- Problem -
For this item, repeat the material exactly while omitting its pictures.

- Collected data -
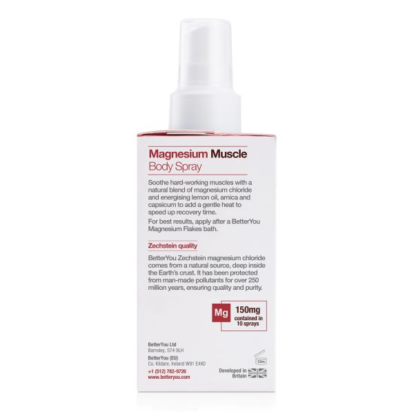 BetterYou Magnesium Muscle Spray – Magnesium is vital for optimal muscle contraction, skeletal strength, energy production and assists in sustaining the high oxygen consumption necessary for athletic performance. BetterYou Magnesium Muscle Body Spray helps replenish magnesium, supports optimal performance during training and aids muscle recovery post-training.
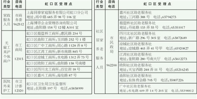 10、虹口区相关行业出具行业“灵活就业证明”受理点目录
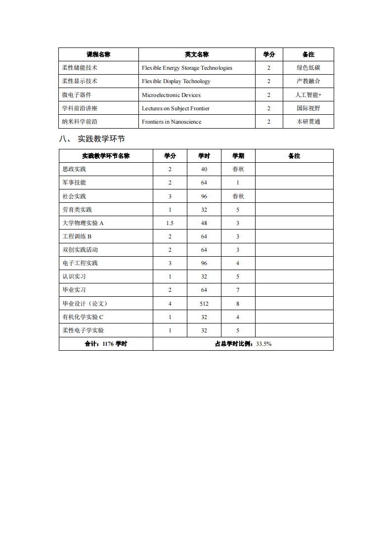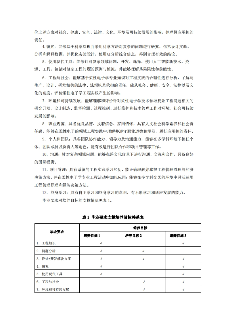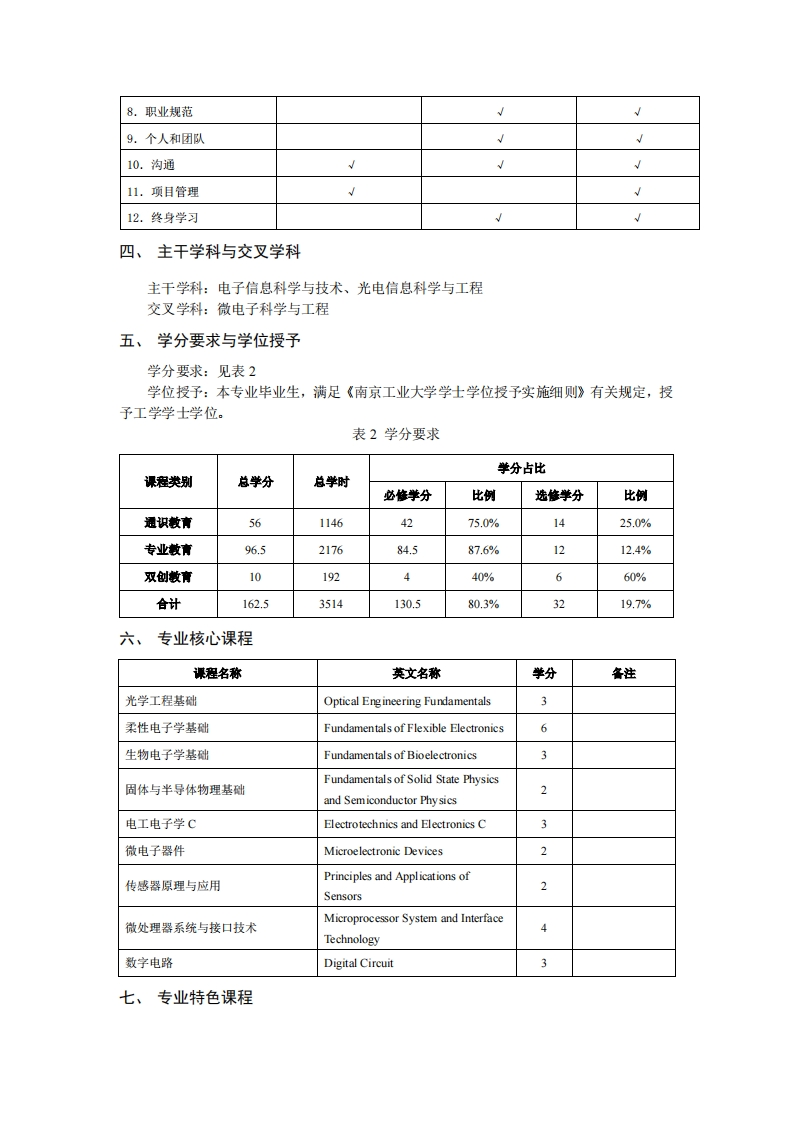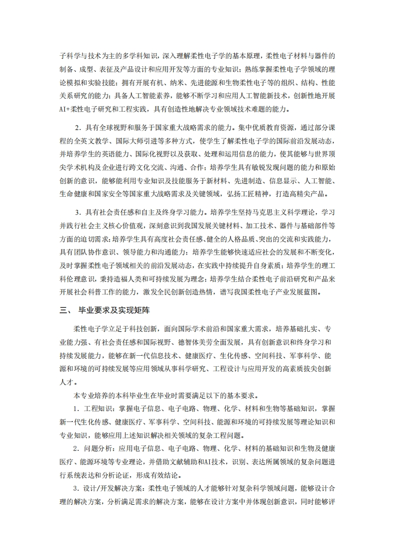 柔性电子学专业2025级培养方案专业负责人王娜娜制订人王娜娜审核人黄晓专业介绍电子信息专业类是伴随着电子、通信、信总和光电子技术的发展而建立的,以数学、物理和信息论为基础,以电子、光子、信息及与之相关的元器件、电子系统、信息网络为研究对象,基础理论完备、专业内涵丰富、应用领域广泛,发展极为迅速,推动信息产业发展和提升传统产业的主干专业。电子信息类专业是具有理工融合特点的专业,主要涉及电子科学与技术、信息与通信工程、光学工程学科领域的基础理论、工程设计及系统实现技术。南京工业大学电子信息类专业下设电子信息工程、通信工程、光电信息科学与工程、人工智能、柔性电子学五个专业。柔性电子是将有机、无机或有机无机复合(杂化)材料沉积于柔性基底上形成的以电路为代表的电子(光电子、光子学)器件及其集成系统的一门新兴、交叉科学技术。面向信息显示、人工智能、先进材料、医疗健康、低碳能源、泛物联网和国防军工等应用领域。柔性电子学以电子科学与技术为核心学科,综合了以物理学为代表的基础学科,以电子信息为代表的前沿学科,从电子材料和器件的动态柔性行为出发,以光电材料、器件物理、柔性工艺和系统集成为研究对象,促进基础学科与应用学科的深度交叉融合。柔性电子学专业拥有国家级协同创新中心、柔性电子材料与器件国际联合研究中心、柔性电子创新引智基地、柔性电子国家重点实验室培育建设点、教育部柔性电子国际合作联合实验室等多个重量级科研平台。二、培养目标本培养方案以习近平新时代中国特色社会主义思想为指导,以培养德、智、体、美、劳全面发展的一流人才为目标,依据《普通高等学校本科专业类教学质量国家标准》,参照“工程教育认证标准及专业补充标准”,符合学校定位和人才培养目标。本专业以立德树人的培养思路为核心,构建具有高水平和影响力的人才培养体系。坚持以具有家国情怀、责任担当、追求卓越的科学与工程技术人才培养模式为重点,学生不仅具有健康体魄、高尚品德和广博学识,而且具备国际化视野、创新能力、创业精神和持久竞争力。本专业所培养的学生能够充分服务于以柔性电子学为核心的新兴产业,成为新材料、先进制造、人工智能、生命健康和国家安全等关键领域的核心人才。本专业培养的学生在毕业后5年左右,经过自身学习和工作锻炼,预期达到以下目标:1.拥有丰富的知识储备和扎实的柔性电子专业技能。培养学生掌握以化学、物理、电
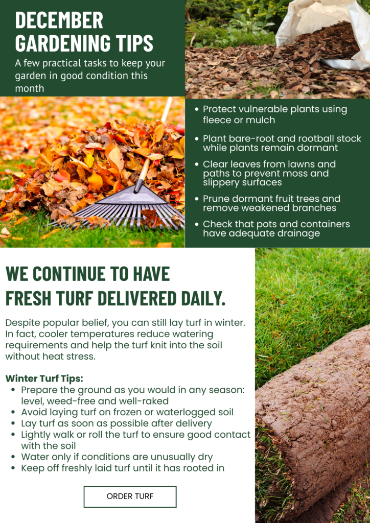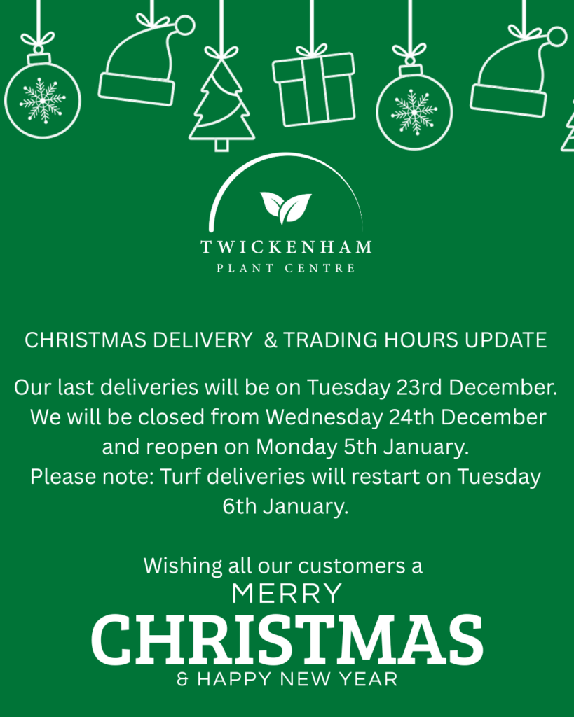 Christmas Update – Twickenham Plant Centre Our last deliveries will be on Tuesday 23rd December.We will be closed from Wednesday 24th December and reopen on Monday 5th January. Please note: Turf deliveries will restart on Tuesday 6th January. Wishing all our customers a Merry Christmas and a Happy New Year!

- Your solution -
 BetterYou Magnesium Muscle Spray – Magnesium is vital for optimal muscle contraction, skeletal strength, energy production and assists in sustaining the high oxygen consumption necessary for athletic performance. BetterYou Magnesium Muscle Body Spray helps replenish magnesium, supports optimal performance during training and aids muscle recovery post-training.
 10、虹口区相关行业出具行业“灵活就业证明”受理点目录
 柔性电子学专业2025级培养方案专业负责人王娜娜制订人王娜娜审核人黄晓专业介绍电子信息专业类是伴随着电子、通信、信总和光电子技术的发展而建立的,以数学、物理和信息论为基础,以电子、光子、信息及与之相关的元器件、电子系统、信息网络为研究对象,基础理论完备、专业内涵丰富、应用领域广泛,发展极为迅速,推动信息产业发展和提升传统产业的主干专业。电子信息类专业是具有理工融合特点的专业,主要涉及电子科学与技术、信息与通信工程、光学工程学科领域的基础理论、工程设计及系统实现技术。南京工业大学电子信息类专业下设电子信息工程、通信工程、光电信息科学与工程、人工智能、柔性电子学五个专业。柔性电子是将有机、无机或有机无机复合(杂化)材料沉积于柔性基底上形成的以电路为代表的电子(光电子、光子学)器件及其集成系统的一门新兴、交叉科学技术。面向信息显示、人工智能、先进材料、医疗健康、低碳能源、泛物联网和国防军工等应用领域。柔性电子学以电子科学与技术为核心学科,综合了以物理学为代表的基础学科,以电子信息为代表的前沿学科,从电子材料和器件的动态柔性行为出发,以光电材料、器件物理、柔性工艺和系统集成为研究对象,促进基础学科与应用学科的深度交叉融合。柔性电子学专业拥有国家级协同创新中心、柔性电子材料与器件国际联合研究中心、柔性电子创新引智基地、柔性电子国家重点实验室培育建设点、教育部柔性电子国际合作联合实验室等多个重量级科研平台。二、培养目标本培养方案以习近平新时代中国特色社会主义思想为指导,以培养德、智、体、美、劳全面发展的一流人才为目标,依据《普通高等学校本科专业类教学质量国家标准》,参照“工程教育认证标准及专业补充标准”,符合学校定位和人才培养目标。本专业以立德树人的培养思路为核心,构建具有高水平和影响力的人才培养体系。坚持以具有家国情怀、责任担当、追求卓越的科学与工程技术人才培养模式为重点,学生不仅具有健康体魄、高尚品德和广博学识,而且具备国际化视野、创新能力、创业精神和持久竞争力。本专业所培养的学生能够充分服务于以柔性电子学为核心的新兴产业,成为新材料、先进制造、人工智能、生命健康和国家安全等关键领域的核心人才。本专业培养的学生在毕业后5年左右,经过自身学习和工作锻炼,预期达到以下目标:1.拥有丰富的知识储备和扎实的柔性电子专业技能。培养学生掌握以化学、物理、电
 Christmas Update – Twickenham Plant Centre Our last deliveries will be on Tuesday 23rd December.We will be closed from Wednesday 24th December and reopen on Monday 5th January. Please note: Turf deliveries will restart on Tuesday 6th January. Wishing all our customers a Merry Christmas and a Happy New Year!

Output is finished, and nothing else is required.